It’s about optimizing for the last few transactions in a block; the more chunks clusters are broken up in, the more puzzle pieces there are to use. I don’t think you can - without whole-mempool context - say whether the beginning or the end of a cluster is better to have small pieces, as you don’t know ahead of time where they’ll end up in a block. And I think the splitting itself is more important than the ordering.
Yeah. I don’t think we need to pick a well-defined unique optimal.
Yeah, that’s proving the existence of optimality through \operatorname{merge}. My thinking was to prove existence of optimality before introducing merging (because proving that “move best subset to the front, continue” is optimal seems more intuitive than through merging), but perhaps that’s an unnecessary detour.
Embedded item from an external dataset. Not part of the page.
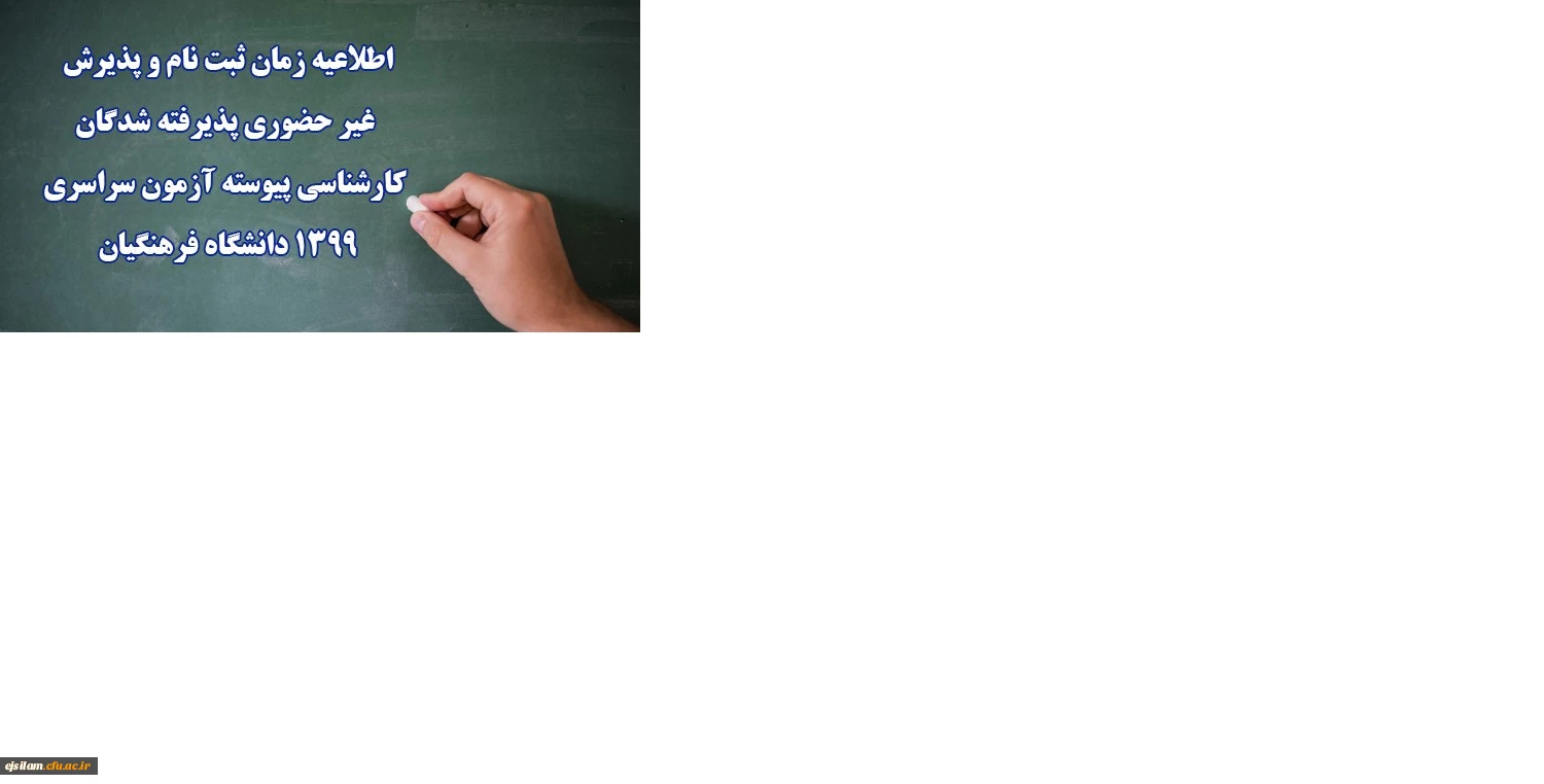 اطلاعیه زمان ثبت نام و پذیرش غیر حضوری پذیرفته شدگان کارشناسی پیوسته آزمون سراسری 1399 دانشگاه فرهنگیان

An alternative way to prove that, I think, is as follows. Let M be the set of maximal elements of the set of valid linearizations for a given graph (maxima have no elements that compare strictly higher than them, but may have elements incomparable to them).
If M = \{\}: impossible in a finite set (start with any element and keep picking a strictly larger element, eventually you end up in a cycle, which is impossible as it implies elements strictly larger than themselves).
If M = \{m\}, then m is optimal. Again start with any element, and keep picking strictly larger elements. Each of these chains must end with m as it’s the only element with no larger ones. Thus, m > everything else.
Otherwise M consists of two or more elements: merge them, and end up with something better than both. This is in contradiction with them being maximal elements.